Online sellers could face $32B in returned goods this year
Correction: This story has been corrected to specify that CBRE estimates online returns were $32 billion for the holiday season in 2016, not the full year as previously reported.
- With online sales reaching as much as $107.4 billion this year, up from approximately $93 billion in 2016, CBRE estimates that the likely value of returns during the holiday season was $32 billion, up from 2016's estimated $28 billion.
- Returns of brick-and-mortar purchases tend to hover at 8% percent, while e-commerce returns can reach as high as 15% to 30%, depending on the product.
- Retailers' ability to handle the reverse logistics of unwanted merchandise can determine market success or failure, according to the real estate firm's report.
The ideal relationship between growing e-commerce purchases and returns is an inverse one.

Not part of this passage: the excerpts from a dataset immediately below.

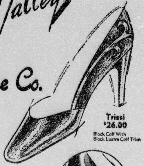
Trisei $26.00 Black Coll With Black Lustré Coll Trim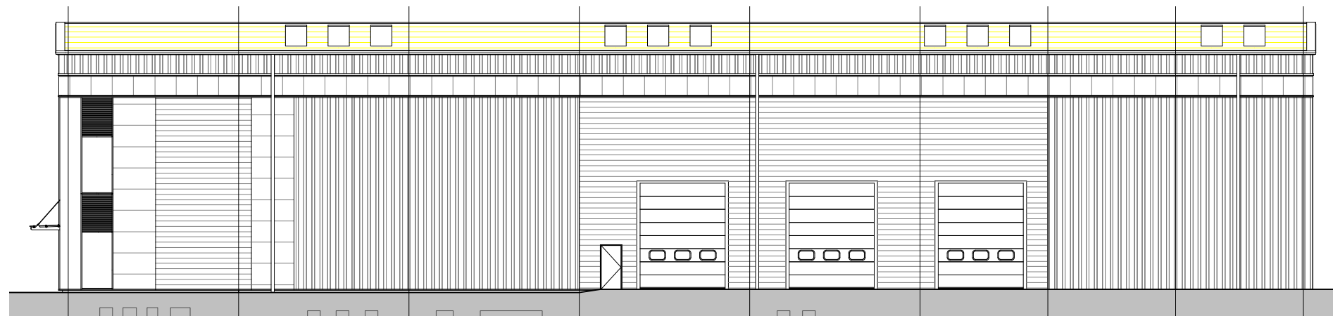
1 Proposed East Elevation Scale 1:250 @ A3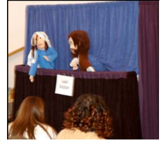
Children's Corner: D.O.G. Puppet Ministry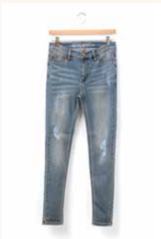
SOMMERSET SKINNY JEAN, LIGHT WASH $98 • GH01212B • 0-22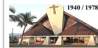
1940 / 1978

Established January 21, 1941 P.O. Box 159, Kekaha, HI 96752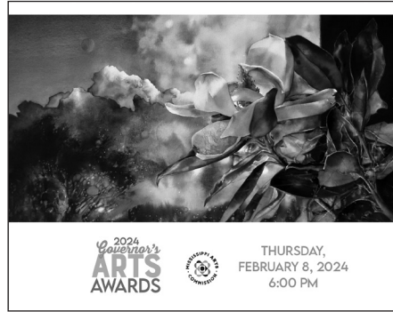
Printed materials designed by Lucy Hetrick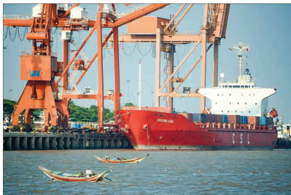
A cargo vessel moors at the banks of the Hlaing River in Yangon.

While companies like Optoro mine returns for strategic resale value, and others like Liquidity accept any and all items for enormous warehouse-emptying events, some retailers aim to reduce the number of returns, considering them more of a failed prediction than an inevitability.
How best to handle returns is a well-debated subject for both retail and e-commerce sellers. While some favor data mining as a way to reduce returns, others believe in transforming returns into opportunities for more brick and mortar traffic and potentially recouped sales.
"Returns can be viewed as either the retailer loses, or as an opportunity to make a positive impression on a customer," Chris Miller, Vice President of Logistics at Narvar told Supply Chain Dive. "Making returns easier for consumers tends to encourage greater sales opportunities."
Other industry experts suggest an altogether different method. "With more precise data mining, the chances of over-buying or mistaken purchase is going to shrink," David Egan, CBRE Global Head of Industrial & Logistics Research told Supply Chain Dive. "The more information a retailer has on a buyer, the better it can steer her toward an item she's less likely to return."
The goal is a more precise understanding of data.
"Data can indicate what direction a customer is most likely to choose," Egan said. "We've all seen pop-ups that pitch us items we're likely to want based on past searches or purchases. Right now a big seller like Amazon wants to have every item all the time, but as e-commerce evolves, it's going to begin to differentiate and offer more personalized recommendations. That's going to cut down on returns."